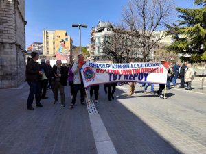 Στην συνέχεια της σημερινής συγκέντρωσης πραγματοποιήθηκε πορεία σε κεντρικό δρόμο της πόλης με κύριο σύνθημα ‘ρεύμα και νερό δεν είναι εμπορεύματα ανήκουν στον λαό’.
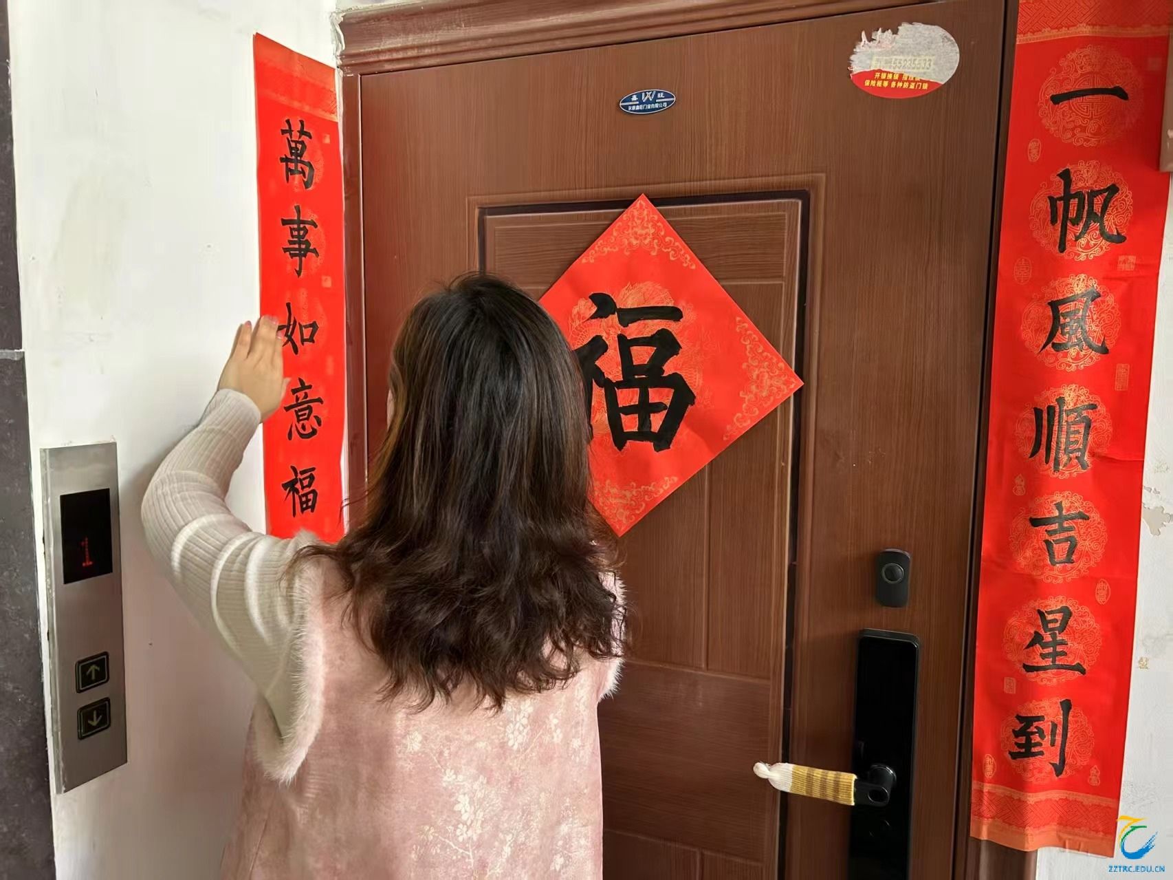 学院教师贴春联瞬间
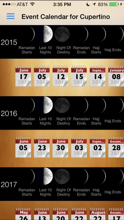 This app is able to calculate the following events of the year based on user's location for the next 10 years.
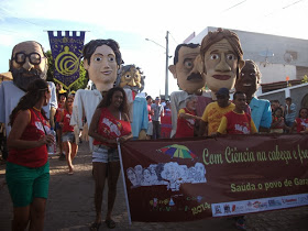 marcado pela participação de bonecos gigantes em homenagens a cientistas, como:
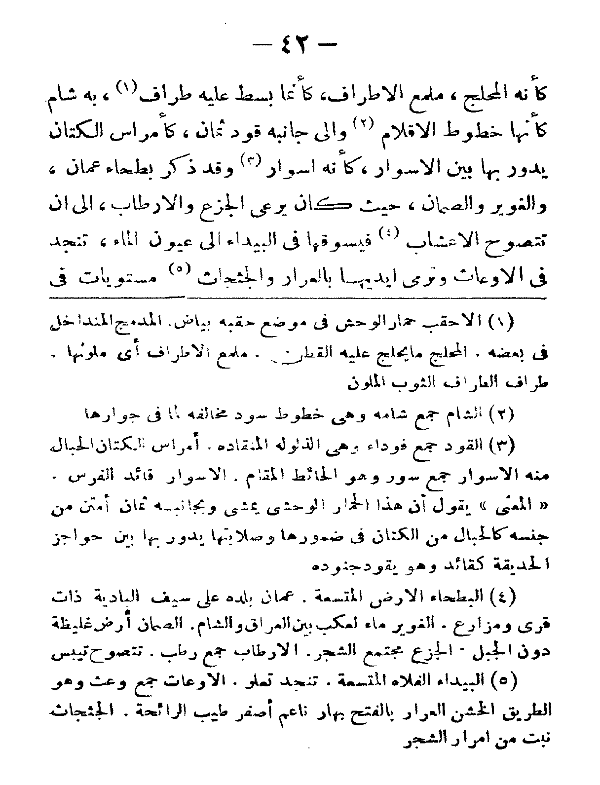 كأنّه المحلج، ملمّع الأطراف، كأنّما بُسِطَ عليه طراف، به شام كأنّها خطوط الأقلام وإلى جانبه قود ثمان، كأمراسِ الكتّان يدور بها بين الأسوار، كأنّه أسوار وقد ذكر بطحاء عمان، والغوير والصّمّان، حيث كان يرعى الجزع والأرطاب، إلى أن تتصوّح الأعشاب فيسوقها في البيداء إلى عيون الماء، تنجد في الأوعاث وترمي أيديها بالعرار والجثجاث مستويات في

TASK REQUIREMENTS: All that is needed is an exact copy of the lines from the line with "marcado pela participação" through the end of the listing, both ends included, with no pictures.

WORKED SOLUTION:
 marcado pela participação de bonecos gigantes em homenagens a cientistas, como:
 كأنّه المحلج، ملمّع الأطراف، كأنّما بُسِطَ عليه طراف، به شام كأنّها خطوط الأقلام وإلى جانبه قود ثمان، كأمراسِ الكتّان يدور بها بين الأسوار، كأنّه أسوار وقد ذكر بطحاء عمان، والغوير والصّمّان، حيث كان يرعى الجزع والأرطاب، إلى أن تتصوّح الأعشاب فيسوقها في البيداء إلى عيون الماء، تنجد في الأوعاث وترمي أيديها بالعرار والجثجاث مستويات في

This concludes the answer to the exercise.